The importance of tracking key performance indicators in business can simply not be understated. Most business owners already understand that KPIs are incredibly important for the success of their company. In a business setting, tracking key performance indicators will help you figure out how your company is doing, and whether you need to make any adjustments in your business model.
Then, most businesses also adopt the SMARTER framework for setting up appropriate goals. Unless your goals are realistic, attainable, and measurable, it’s going to be difficult for you to track the performance of key indicators. However, what about the different types of benchmarking? Here’s why that’s important.
What Is Benchmarking?
Before we get started, it’s important to focus on what benchmarking really is. In essence, benchmarking is a simple way to measure the performance of your business and the success of your teams in general. By comparing the processes of the organization to another organization, or even one department with another, you can figure out how you are doing.
Benchmarking is essential for determining the norms of the industry, and it will help you figure out how your company is doing. Similarly, you can also compare processes from one department to another, and then figure out whether one department is lacking in efficiency or productivity.

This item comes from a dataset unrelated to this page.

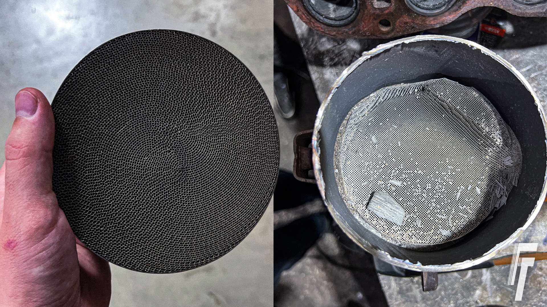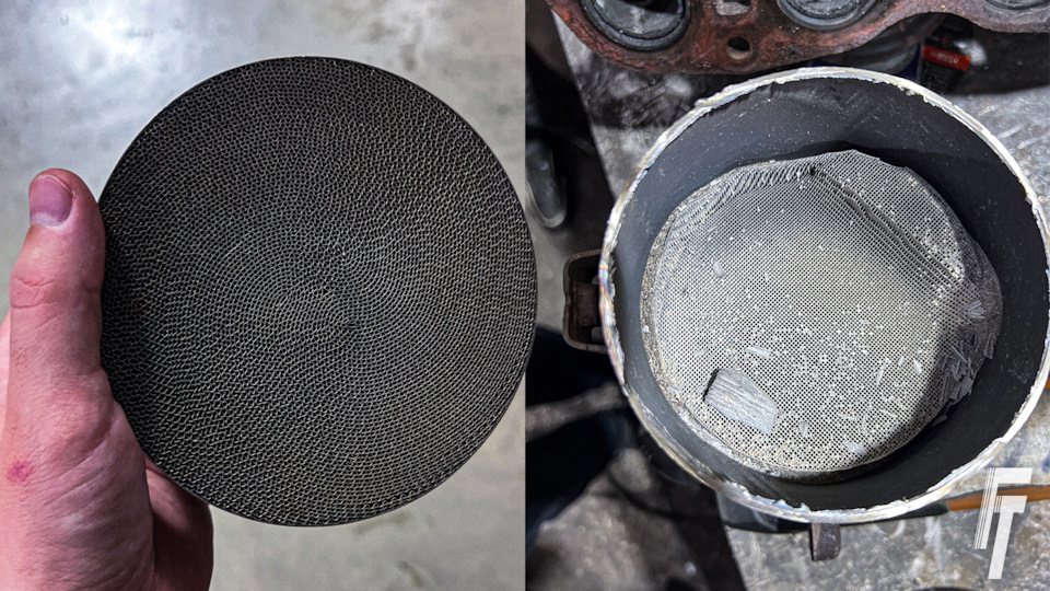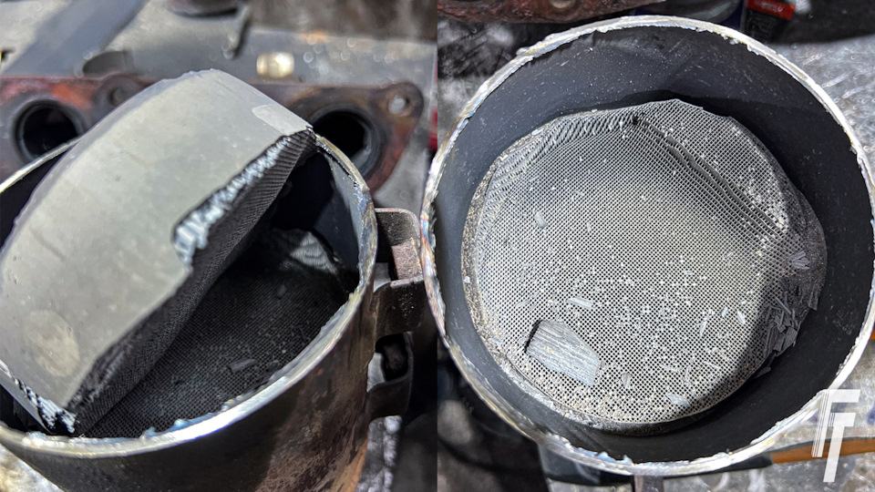 В ходе диагностики выяснилось, что внутренний блок катализатора разрушен и раскрошился на части. Это довольно типичная ситуация для таких пробегов — керамическая структура катализатора со временем деградирует из-за температуры и вибраций, а частицы могут попасть обратно в цилиндры, что грозит уже гораздо более серьёзными последствиями.

As you can understand, benchmarking is essential for the growth of your business. It is going to help you create a standard for performance that you can then emulate and introduce to different departments. Businesses all over the globe use benchmarking in order to figure out how they are performing.
Types of Benchmarking
There are six different types of benchmarking, and each of these are going to help you figure out a different element of work. In the following paragraphs, we shall talk about the most common types of benchmarking in use.
- Internal Benchmarking
This one is extremely simple to understand. You take a task and compare it with another similar task or process that is being performed in the company. Basically, all it takes is the simple ability to determine the metrics for different systems. This is going to help you figure out whether the KPIs are on track and assess them properly.
This is an extremely effective form of benchmarking as it can help in setting standards that are adopted throughout the company. More importantly, it also helps figure out whether the standards are being met, and it’s going to trim problems and make the environment more productive.
- External Benchmarking
As the name suggests, external benchmarking is all about comparing the processes of your company with another organization, most probably a competitor. This is slightly more complicated because you are going to have to access industry data that might not be readily available. Obviously, a competitor won’t be willing to talk to you about their internal processes.
However, you should know that if possible, implementing external benchmarking in your company could yield a variety of benefits. You can easily understand how your business is doing on a bigger scale, and it will also help you identify different points of weakness that you can overcome.
By evaluating and assessing your company’s performance with that of your competitors, you will be able to figure out what you are doing wrong, and how you can overcome these issues.
- Competitive Benchmarking
Competitive benchmarking is often considered to be an offshoot of external benchmarking. This type of benchmarking primarily focuses on comparing internal systems and processes to those of your competitors. Again, this form of benchmarking is incredibly important for a variety of reasons.
First of all, it helps you identify what you are doing wrong and what another competitor is doing right that they are able to succeed in the same industry as you. This is also going to help you figure out how to increase consumer satisfaction by following and tracking different metrics, and then comparing them with the competition.
- Performance Benchmarking
Performance benchmarking is focused primarily on the performance of the business. This involves tracking different KPIs and metrics in the business in order to compare different outcomes with modern-day standards. The focus is on making sure that the company continues to update their standards and improve their performance regularly instead of getting complacent.
The focus of performance benchmarking lies solely on the improvement of different business functions over a specific period of time. The underlying assumption is that with the passage of time, more efficiency in performance is going to allow benchmarks to rise, and the company must adapt to that increase accordingly.
- Practice Benchmarking
Then, you have practice benchmarking. Practice benchmarking relates to the processes and the practices adopted by the business. The procedures and controls within the business are responsible for analyzing business data and figuring out how teams and departments are making use of different technologies in order to achieve their goals.
One of the most common ways to start benchmarking practices is to set up process mapping. This will help you figure out any gaps in the performance of your business and plug them.
- Strategic Benchmarking
This is a form of external benchmarking that focuses on a strategic analysis of competitors and how they rose to success. The focus lies on figuring out the kind of strategies employed by these businesses. For instance, what is the reason behind the success of a competitor’s marketing campaigns?
By benchmarking different things, a company can come up with a unique strategy that emulates the success of other competitors and then implementing these techniques and processes within their company.
The Importance of Feedback in Benchmarking
When it comes to benchmarking, one of the worst mistakes that you can make is to undermine the importance of feedback. Feedback, especially that of your employees and your customers, can give you important insights into how your business is performing.
For instance, if the customers believe that the customer support team is doing a good job, you know that they are handling complaints and queries on time. Similarly, if you believe that sales are low as compared to the previous quarter, you can then focus on implementing new strategies to help enhance the growth of your team.
These are just a few simple things that can help you improve benchmarking in your teams and improve the overall standard of business in your company.